======== RECORDS FOR THIS TASK ========
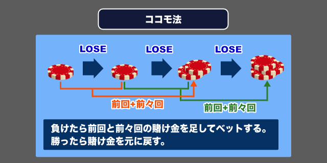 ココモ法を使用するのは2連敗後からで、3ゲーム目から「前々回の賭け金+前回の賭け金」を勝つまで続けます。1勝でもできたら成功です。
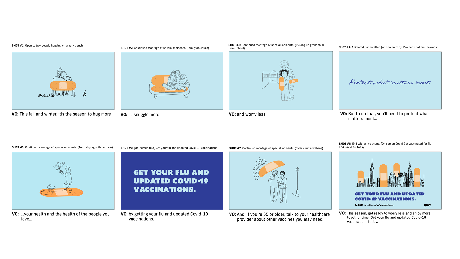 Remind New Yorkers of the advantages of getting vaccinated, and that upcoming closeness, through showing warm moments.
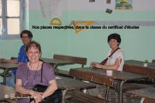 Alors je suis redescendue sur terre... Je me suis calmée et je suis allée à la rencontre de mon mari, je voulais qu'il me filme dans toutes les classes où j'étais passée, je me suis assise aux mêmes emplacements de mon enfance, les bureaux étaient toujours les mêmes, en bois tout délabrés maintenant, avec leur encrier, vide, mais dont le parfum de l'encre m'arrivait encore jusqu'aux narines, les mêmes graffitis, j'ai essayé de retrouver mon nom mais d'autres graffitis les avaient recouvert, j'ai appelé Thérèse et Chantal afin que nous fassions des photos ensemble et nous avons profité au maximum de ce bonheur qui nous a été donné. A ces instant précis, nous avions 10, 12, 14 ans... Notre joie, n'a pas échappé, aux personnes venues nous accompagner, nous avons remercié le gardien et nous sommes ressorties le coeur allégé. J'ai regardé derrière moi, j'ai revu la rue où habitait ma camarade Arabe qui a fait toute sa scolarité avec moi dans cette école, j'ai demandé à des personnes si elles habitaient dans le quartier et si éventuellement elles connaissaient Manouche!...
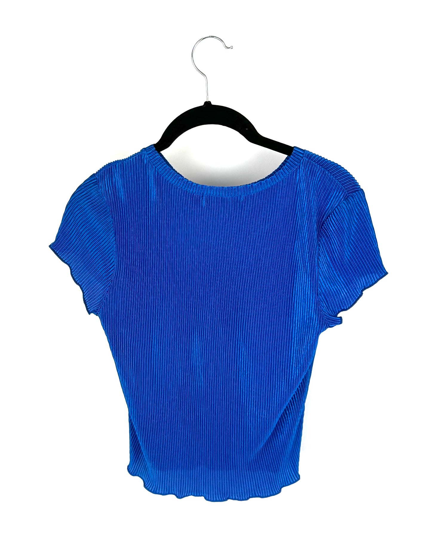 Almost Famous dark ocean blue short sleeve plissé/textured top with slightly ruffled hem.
========
======== RECORDS FOR THIS TASK ========
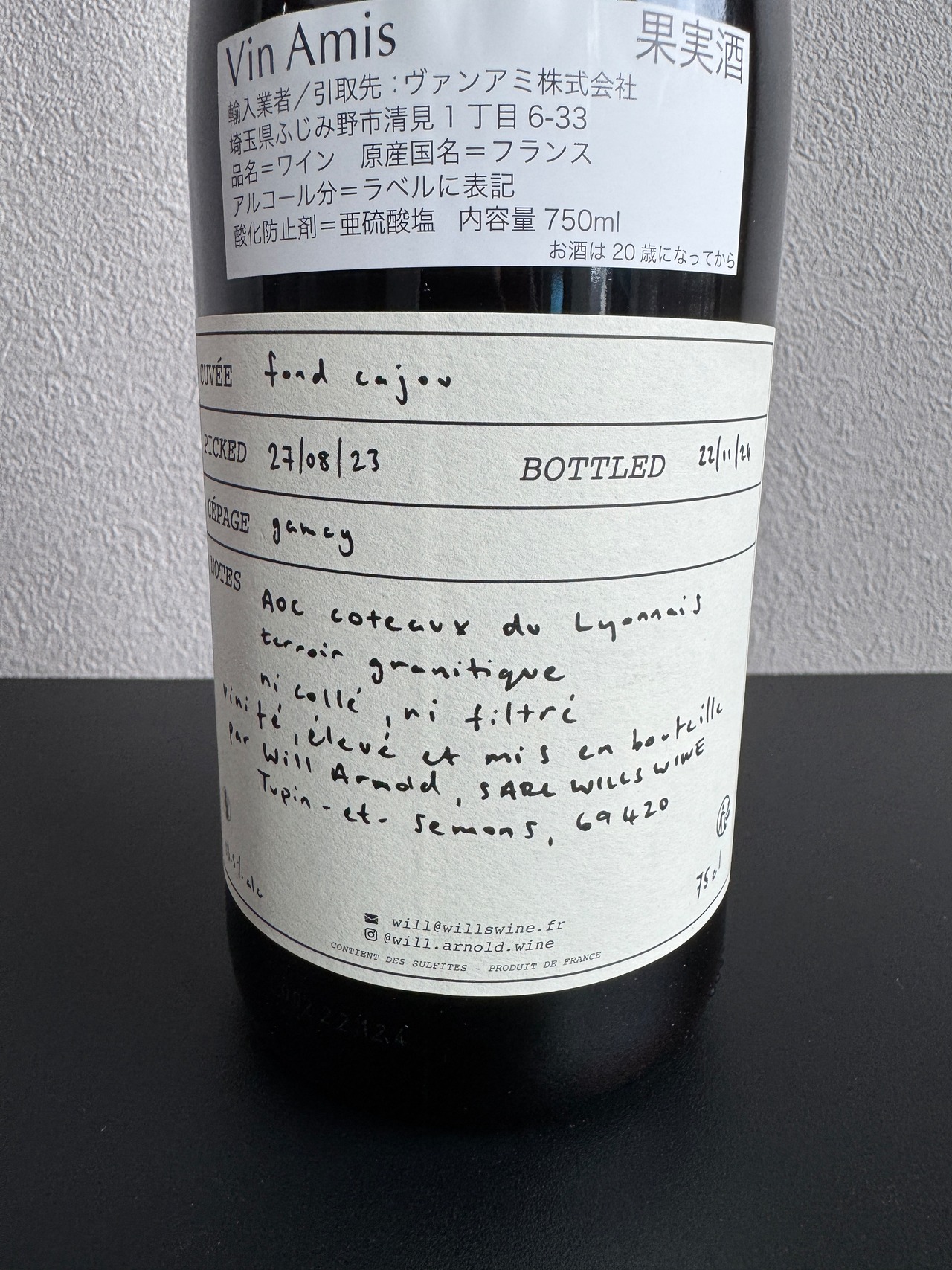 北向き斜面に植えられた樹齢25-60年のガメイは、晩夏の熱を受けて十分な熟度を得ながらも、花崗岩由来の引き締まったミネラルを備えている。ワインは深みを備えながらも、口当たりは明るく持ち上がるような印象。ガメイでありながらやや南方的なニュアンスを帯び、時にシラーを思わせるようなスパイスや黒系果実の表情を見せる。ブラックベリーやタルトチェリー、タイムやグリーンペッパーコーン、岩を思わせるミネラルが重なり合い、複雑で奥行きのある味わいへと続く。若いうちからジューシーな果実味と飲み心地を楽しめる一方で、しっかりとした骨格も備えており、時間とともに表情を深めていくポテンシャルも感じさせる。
========
======== RECORDS FOR THIS TASK ========
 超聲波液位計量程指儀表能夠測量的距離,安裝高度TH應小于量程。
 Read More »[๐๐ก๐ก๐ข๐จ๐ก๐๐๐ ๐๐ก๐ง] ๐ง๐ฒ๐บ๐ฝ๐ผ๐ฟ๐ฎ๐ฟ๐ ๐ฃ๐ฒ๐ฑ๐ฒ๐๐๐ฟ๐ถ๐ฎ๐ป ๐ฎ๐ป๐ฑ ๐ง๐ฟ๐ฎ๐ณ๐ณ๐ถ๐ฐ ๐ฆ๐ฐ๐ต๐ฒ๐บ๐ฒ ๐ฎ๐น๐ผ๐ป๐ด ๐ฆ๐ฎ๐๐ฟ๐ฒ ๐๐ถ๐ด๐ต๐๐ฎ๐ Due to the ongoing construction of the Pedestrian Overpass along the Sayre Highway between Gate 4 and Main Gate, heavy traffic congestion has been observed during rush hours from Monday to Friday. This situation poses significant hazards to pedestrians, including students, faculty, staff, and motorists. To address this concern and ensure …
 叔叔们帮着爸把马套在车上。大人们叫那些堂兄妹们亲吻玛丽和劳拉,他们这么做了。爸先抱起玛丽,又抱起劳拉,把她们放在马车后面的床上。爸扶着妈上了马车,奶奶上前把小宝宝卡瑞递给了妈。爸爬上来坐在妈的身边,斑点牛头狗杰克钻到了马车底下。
========
### [ASSIGNED TASK]
Pictures in the material above should be skipped; print exactly the lines from the one with "ココモ法を使用するのは2連敗" through the one with "Almost Famous dark".

### [ANSWER TO THE PROBLEM]
 ココモ法を使用するのは2連敗後からで、3ゲーム目から「前々回の賭け金+前回の賭け金」を勝つまで続けます。1勝でもできたら成功です。
 Remind New Yorkers of the advantages of getting vaccinated, and that upcoming closeness, through showing warm moments.
 Alors je suis redescendue sur terre... Je me suis calmée et je suis allée à la rencontre de mon mari, je voulais qu'il me filme dans toutes les classes où j'étais passée, je me suis assise aux mêmes emplacements de mon enfance, les bureaux étaient toujours les mêmes, en bois tout délabrés maintenant, avec leur encrier, vide, mais dont le parfum de l'encre m'arrivait encore jusqu'aux narines, les mêmes graffitis, j'ai essayé de retrouver mon nom mais d'autres graffitis les avaient recouvert, j'ai appelé Thérèse et Chantal afin que nous fassions des photos ensemble et nous avons profité au maximum de ce bonheur qui nous a été donné. A ces instant précis, nous avions 10, 12, 14 ans... Notre joie, n'a pas échappé, aux personnes venues nous accompagner, nous avons remercié le gardien et nous sommes ressorties le coeur allégé. J'ai regardé derrière moi, j'ai revu la rue où habitait ma camarade Arabe qui a fait toute sa scolarité avec moi dans cette école, j'ai demandé à des personnes si elles habitaient dans le quartier et si éventuellement elles connaissaient Manouche!...
 Almost Famous dark ocean blue short sleeve plissé/textured top with slightly ruffled hem.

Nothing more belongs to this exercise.